# Niche Zero, White or Black, help me decide!



## NJD1977 (Dec 16, 2014)

Thinking of buying a niche zero with the new run of stock announced. It'll be paired with an andreja premium full stainless steel machine.

I can't for the life of me decide whether to go white or black. Is it likely that one has more residual value than the next if I move it on in the future?

I'm perhaps slightly leaning to white but no idea why!


----------



## Jony (Sep 8, 2017)

No difference the people's preferences, White this time round for me.


----------



## Cooffe (Mar 7, 2019)

I have a black Niche, and like it with my Minima. We do have white worktops though so if I went for white it could look like a whitewash.

The Niche is good in the way that it has been styled as such to make it look like it belongs on a worktop in a domestic environment, whilst providing good quality. For example a Mazzer Robur doesn't normally look like it belongs on a worktop at home, rather in a cafe (I know they're not the same ballpark of grinder but its a comparison to be made).


----------



## thusband (Nov 19, 2015)

Black looks good with my Lelit Bianca. Something about black and stainless steel.


----------



## DavecUK (Aug 6, 2013)

NJD1977 said:


> Thinking of buying a niche zero with the new run of stock announced. It'll be paired with an andreja premium full stainless steel machine.
> 
> I can't for the life of me decide whether to go white or black. Is it likely that one has more residual value than the next if I move it on in the future?
> 
> I'm perhaps slightly leaning to white but no idea why!


 I don't think with only 2 colours residual value will be affected at all. There will simply be a reduction in the available market, some will prefer black, some white some won't care. If you get a white one, some will prefer white, some black and again some won't care.

That said, white looks great but black also looks great....so that's something to think on.

My advice would be to not analyse it too much and simply go with the colour you like best.


----------



## NJD1977 (Dec 16, 2014)

Sod it, credit card out, white one ordered. September delivery.

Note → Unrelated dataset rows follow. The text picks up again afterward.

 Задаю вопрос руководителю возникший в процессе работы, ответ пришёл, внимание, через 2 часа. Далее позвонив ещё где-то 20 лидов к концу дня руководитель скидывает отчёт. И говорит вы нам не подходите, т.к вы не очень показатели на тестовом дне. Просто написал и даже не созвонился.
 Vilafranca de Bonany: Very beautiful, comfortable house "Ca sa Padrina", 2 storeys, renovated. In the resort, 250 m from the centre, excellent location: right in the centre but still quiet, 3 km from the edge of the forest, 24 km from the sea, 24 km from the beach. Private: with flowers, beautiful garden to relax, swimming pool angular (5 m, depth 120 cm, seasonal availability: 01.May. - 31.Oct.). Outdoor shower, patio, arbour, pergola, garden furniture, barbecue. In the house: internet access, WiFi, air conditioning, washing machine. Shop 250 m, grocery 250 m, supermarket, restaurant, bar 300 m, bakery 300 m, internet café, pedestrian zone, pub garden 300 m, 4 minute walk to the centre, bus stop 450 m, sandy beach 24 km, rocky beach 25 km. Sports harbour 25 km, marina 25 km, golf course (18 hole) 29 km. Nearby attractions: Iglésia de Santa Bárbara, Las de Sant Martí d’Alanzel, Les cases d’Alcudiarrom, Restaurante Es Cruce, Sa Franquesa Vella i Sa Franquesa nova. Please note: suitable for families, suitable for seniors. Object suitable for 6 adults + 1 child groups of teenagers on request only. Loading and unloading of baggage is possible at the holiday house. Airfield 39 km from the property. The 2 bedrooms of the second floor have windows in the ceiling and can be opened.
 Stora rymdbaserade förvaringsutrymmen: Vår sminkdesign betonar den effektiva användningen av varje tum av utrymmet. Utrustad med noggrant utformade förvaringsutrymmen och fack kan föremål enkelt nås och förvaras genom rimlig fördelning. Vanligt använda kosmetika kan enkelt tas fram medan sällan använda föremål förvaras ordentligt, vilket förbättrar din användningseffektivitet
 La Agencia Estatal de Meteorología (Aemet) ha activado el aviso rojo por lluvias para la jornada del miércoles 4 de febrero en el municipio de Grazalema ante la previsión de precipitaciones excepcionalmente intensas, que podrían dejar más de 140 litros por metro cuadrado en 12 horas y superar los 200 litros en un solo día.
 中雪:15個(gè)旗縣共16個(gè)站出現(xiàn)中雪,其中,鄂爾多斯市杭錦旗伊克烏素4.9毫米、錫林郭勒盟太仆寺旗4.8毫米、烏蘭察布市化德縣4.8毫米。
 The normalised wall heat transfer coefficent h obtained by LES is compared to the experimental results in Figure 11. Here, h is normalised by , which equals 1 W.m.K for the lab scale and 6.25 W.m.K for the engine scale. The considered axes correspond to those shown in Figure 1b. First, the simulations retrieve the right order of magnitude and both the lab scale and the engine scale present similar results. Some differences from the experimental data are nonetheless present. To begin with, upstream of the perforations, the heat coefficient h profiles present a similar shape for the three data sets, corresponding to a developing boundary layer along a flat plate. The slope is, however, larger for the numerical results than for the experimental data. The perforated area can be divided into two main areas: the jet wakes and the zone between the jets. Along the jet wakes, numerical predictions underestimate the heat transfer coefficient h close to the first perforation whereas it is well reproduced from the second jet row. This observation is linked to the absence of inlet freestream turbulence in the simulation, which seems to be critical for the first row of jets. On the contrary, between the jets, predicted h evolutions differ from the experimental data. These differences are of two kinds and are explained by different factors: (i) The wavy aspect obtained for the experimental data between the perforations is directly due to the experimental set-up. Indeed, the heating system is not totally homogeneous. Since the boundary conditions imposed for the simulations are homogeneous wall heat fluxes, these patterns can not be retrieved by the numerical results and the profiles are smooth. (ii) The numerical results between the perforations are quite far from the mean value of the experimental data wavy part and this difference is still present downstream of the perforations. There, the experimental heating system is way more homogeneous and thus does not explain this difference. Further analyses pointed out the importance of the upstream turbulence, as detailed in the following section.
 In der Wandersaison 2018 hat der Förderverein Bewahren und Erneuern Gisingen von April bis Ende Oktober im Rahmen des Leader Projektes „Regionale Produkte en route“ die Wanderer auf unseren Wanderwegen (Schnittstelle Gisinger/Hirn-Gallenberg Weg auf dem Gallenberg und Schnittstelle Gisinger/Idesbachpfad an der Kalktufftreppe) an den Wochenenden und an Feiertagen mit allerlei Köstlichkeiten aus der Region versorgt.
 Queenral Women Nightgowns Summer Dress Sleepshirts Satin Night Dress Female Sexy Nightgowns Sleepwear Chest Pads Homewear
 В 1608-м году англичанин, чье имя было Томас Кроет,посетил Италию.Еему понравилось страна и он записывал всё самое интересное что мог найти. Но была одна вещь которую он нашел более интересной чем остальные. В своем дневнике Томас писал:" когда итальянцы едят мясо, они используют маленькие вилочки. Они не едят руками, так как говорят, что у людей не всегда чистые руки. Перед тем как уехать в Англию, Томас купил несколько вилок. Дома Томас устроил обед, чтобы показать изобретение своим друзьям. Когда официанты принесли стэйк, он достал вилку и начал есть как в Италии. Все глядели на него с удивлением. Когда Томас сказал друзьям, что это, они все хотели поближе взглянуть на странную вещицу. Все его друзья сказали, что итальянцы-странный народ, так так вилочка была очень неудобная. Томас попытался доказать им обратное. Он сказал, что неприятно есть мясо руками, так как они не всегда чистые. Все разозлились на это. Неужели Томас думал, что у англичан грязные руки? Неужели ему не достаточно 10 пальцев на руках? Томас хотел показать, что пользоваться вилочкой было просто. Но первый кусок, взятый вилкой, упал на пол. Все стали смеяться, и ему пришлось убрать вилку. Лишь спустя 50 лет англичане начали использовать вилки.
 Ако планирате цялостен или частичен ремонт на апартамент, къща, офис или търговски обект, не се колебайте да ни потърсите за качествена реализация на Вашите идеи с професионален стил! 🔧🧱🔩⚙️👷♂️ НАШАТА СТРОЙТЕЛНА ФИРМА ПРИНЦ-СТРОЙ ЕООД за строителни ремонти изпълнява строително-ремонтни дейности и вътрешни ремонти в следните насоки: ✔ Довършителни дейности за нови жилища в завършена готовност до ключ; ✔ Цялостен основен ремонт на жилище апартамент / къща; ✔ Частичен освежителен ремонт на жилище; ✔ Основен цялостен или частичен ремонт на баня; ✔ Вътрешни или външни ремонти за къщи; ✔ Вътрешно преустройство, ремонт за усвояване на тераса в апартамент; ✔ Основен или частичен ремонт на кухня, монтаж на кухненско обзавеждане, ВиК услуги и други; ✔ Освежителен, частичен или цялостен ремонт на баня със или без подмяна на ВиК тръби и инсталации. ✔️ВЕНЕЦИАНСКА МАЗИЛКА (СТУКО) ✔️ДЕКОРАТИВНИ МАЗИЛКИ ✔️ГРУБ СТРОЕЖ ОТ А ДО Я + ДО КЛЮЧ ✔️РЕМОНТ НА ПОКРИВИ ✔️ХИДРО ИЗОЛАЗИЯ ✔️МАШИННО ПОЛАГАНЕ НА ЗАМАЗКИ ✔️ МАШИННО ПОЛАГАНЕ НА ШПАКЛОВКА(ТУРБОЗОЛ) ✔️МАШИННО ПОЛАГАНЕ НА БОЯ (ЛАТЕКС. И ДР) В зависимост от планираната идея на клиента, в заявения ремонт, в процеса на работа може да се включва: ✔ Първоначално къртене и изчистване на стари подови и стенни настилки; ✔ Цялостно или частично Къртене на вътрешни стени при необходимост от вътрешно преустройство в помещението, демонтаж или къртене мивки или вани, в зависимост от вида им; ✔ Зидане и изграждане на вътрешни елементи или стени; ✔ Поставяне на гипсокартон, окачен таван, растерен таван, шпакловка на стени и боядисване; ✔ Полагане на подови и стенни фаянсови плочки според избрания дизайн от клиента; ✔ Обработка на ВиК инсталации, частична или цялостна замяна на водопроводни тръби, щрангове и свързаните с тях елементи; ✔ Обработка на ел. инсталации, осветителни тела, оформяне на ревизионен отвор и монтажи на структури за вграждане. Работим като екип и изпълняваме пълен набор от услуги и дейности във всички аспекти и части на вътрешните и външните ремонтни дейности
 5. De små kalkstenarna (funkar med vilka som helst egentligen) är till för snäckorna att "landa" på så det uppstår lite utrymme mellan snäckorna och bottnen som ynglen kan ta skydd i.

I'll have a chrome Eureka Mignon to move on once it arrives.


----------



## Rickv (Nov 18, 2019)

NJD1977 said:


> Sod it, credit card out, white one ordered. September delivery.
> 
> I'll have a chrome Eureka Mignon to move on once it arrives.


I do wonder what the difference in the cup is compared to the Mignon. I keep being tempted.

Sent from my iPhone using Tapatalk


----------



## Hestu (May 3, 2020)

I have ordered a white with my Andreja!


----------



## timb (Jun 7, 2020)

I ordered white because everyone else was ordering white ones.

I regret that decision.


----------



## DavecUK (Aug 6, 2013)

timb said:


> I ordered white because everyone else was ordering white ones.
> 
> I regret that decision.


 advertise in wanted for a new for new swap, you never know


----------



## Jasetaylor (Jul 31, 2020)

The white Zero has more betterer, grinds more consistently and tastes better in the cup than the black version 😉

On a serious note white does appear to sell out faster each monthly regional Indeigogo stock allocation. The Niche Zero also appears to have been conceived, by design to be white, the reason for my hypothesis are the wooden appointments. Oak works well with the white finish IMO but not so much with the black finish which would have looked better (again IMO) with a darker wood such as walnut or mahogany. The black finish feels like an after thought which maintained the oak furniture due to cost. This is pure conjecture of course.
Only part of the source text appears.